Wednesday, February 10, 2010

I'm in Details Magazine!!!

So, so, so excited! I've posted items from Details Magazine many times on this blog - I've long been a fan of the magazine for it's fresh content and witty writing and I'm proud to have done a piece for them for the online addition: 5 Rules from the Polyamorous for not Screwing Up Valentines Day. I talked to so many people for this story and enjoyed their conversation so much, so thanks everyone! Post it, repost it, but mostly enjoy it! Cheers!

Tuesday, February 9, 2010

Butt soft! Guest Blogger Charles Martin recommends romantic films for Valentines Day!

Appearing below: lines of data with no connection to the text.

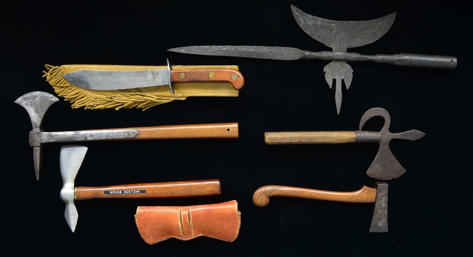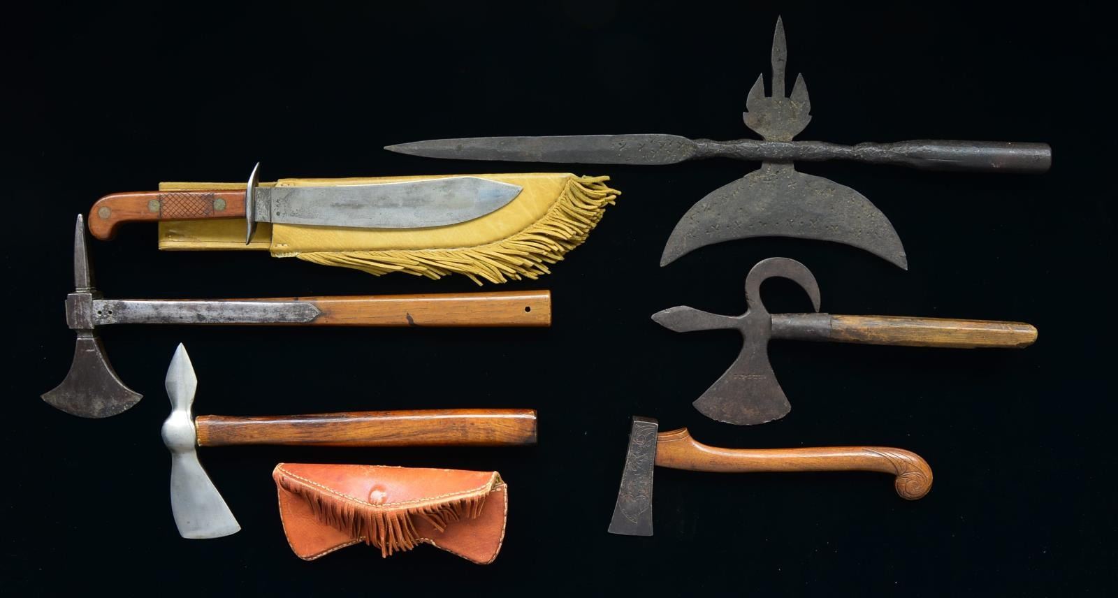 A mixture of early & late weapons of interesting style & form. 1) BOARDING AX. Overall length: 17 1/2". Head width: 7". Iron head has a 3" blade combined w/ a 2 3/4" pike. The ears extend nearly 8" down the haft. Because of weight & overall reinforced construction, we believe this is an early boarding ax. At the top of 1 ear are 2 holes that likely originally attached an iron belt hook. The wooden haft, though early, is possibly not original to the head. CONDITION: head has a dark gray, mottled patina. Wood has a smooth, lightly worn finish. 2) SMALL AX. Overall length: 10 3/8". Head width: 4". Iron head is decorated on both sides w/ a heart & foliate motifs. The top is decorated w/ what appears to be an arrow fletch. Stylized curved wooden haft has a scroll motif at the butt. CONDITION: head has a dark, somewhat mottled patina. Haft has a smooth lightly worn finish. 3) HALBERD HEAD. Overall length: 12 1/2". Width: 5 5/8". Iron head has a 3" blade combined w/ a 3" flat spike at the top & a heavily curved hook opposite the blade. Blade is stamped “J.PETT” w/ an illegible mark after the final “T”. Halberd appears to have a solid tang w/ a 2" iron collar supplying extra support. A partial wooden haft approx. 7" long is attached. CONDITION: head has an overall dark oxidized patina w/ numerous nicks to the blade edge. Wooden haft shows great age. 4) HALBERD HEAD. Overall length: 22". Width: 8 1/2". A lg. hand forged, crude iron head w/ numerous stamped dot & cross decorations throughout. Hollow shaft to facilitate insertion of a pole w/ securing pole near the base. Quarter moon shaped blade w/ 3 pointed thorn. CONDITION: dark overall patina. 5) BELT AX. A modern reenactor type belt ax measuring 12 1/2" overall w/ a 7" head. Complete w/ fringed leather sheath. CONDITION: blade has a bright finish. Haft shows light wear. Sheath shows moderate wear. 6) BELT KNIFE. A late 19th century belt knife measuring 14" overall w/ an 8 3/4" modified unmarked bowie blade. Iron crossguard. 2 Piece wood grips w/ crosshatching. Modern cream colored leather sheath w/ fringe. CONDITION: blade has a medium gray lightly mottled patina. Grips shows light wear. Scabbard shows light wear. PROVENANCE: From the Collection of John "Tim" Breth Jr. (02-13833/BF). $500-1,000
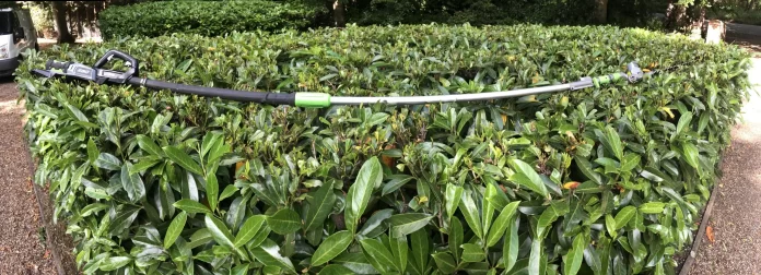 Those tall hedges, and worse still those extra wide hedges off of a tripod ladder, were starting to take their toll on my body. I’d been using cheap Chinese two stroke multi tools with extension bars and they were reaching end of life, as were my shoulders. It was time for a change and I thought that a switch to battery machines might tick both the health and environment boxes in one go. It came down to a choice between Stihl and EGO but the single battery system from EGO rather than the two battery system of domestic and pro from Stihl closed the deal for me. It then came to a choice between the multi tool with extension bars or the single extendable pole system. With a four meter reach without having to fix on another bar the PPX1000 extendable pole just edged it.
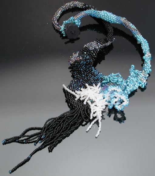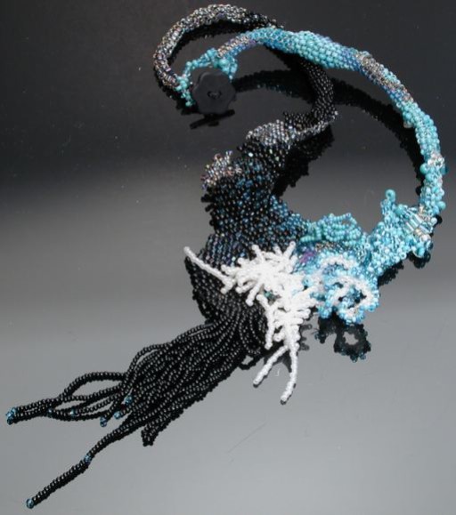 I like the effect, but it's more suited for large areas of transition, so I reverted to the color blocking for smaller areas, such as the sides. I also continued to experiment with some sculptural effects, and fringing: note twisted black fringe and coiled peyote (white with blue edging, just to the right of the white fringe).
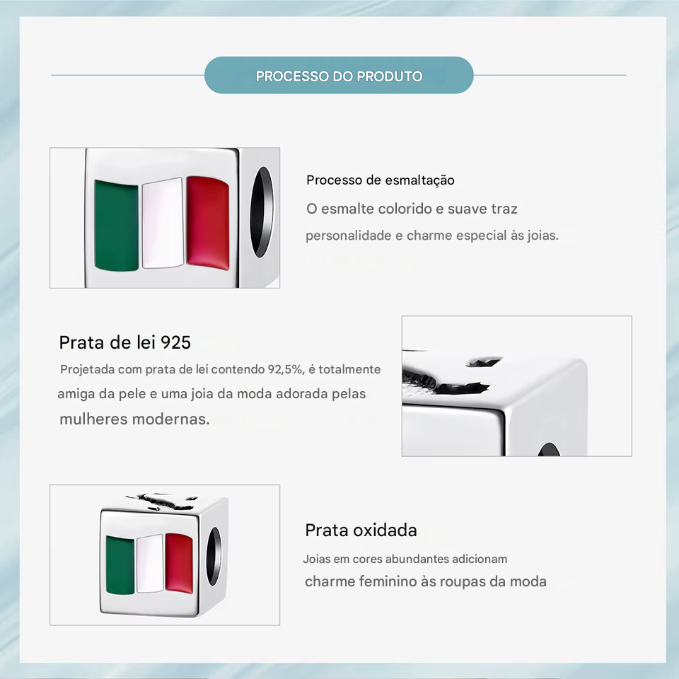 Berloque Square da coleção viagem em prata 925 e esmaltação de alta qualidade para eternizar memórias de um viagens inesquecíveis!
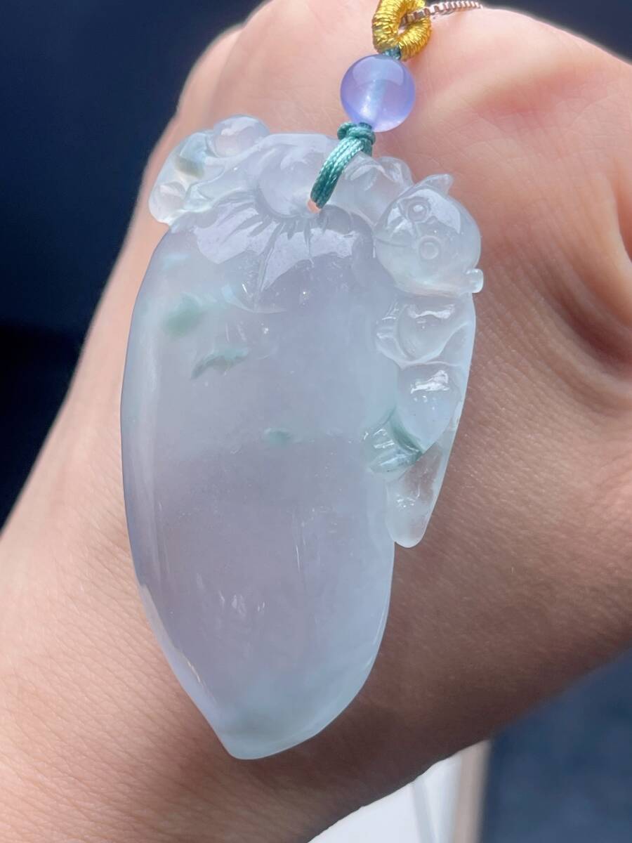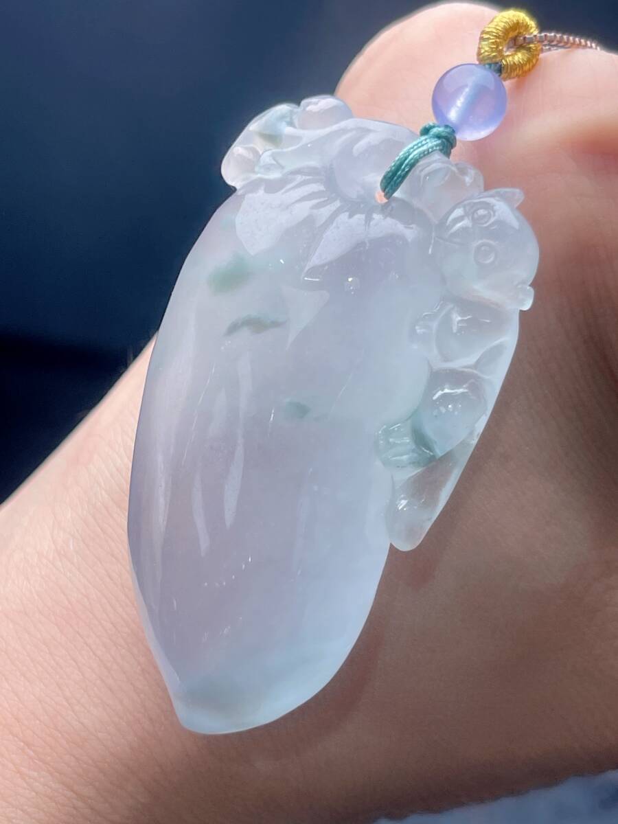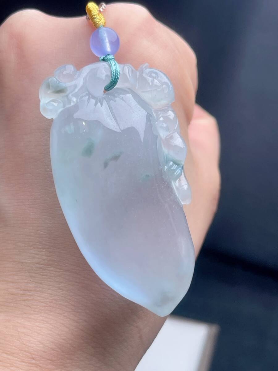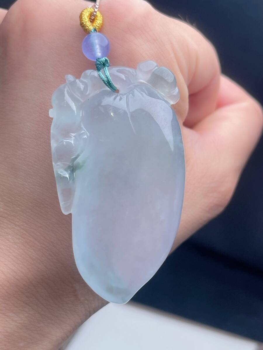 Aグレード翡翠彫 清時代 高氷翡翠冰種飄花福瓜吊墜 吊墜 首飾 時代物 古董品 骨董 旧家蔵出し 唐物 中国古玩 古美術品102

Not only was Charles Martin my first editor, he introduced me to the films of Tim Burton, both of which prove he knows what he’s talking about when it comes to entertainment. A lifelong cinephile, former editor of The Orlando Sun who has written for Film Threat, Mac World and many other outlets, I asked him to recommend some mainstream films for your romantic weekend viewing.
You can check out his movie blog Film Moi here, his Canadian blog Crawling from the USA and the podcast from his former WPRK show Crusty Old Wave here. Enjoy!

The films you saw at the early stages of your romantic life can have an enormous impact on your perceptions of love, the opposite sex, and life in general. Further, because most people tend to see movies on the big screen only once -- those thoughts and impressions and visual memories work their way deeper into our subconscious than something we can see on-demand any old time via the cable box or the internets.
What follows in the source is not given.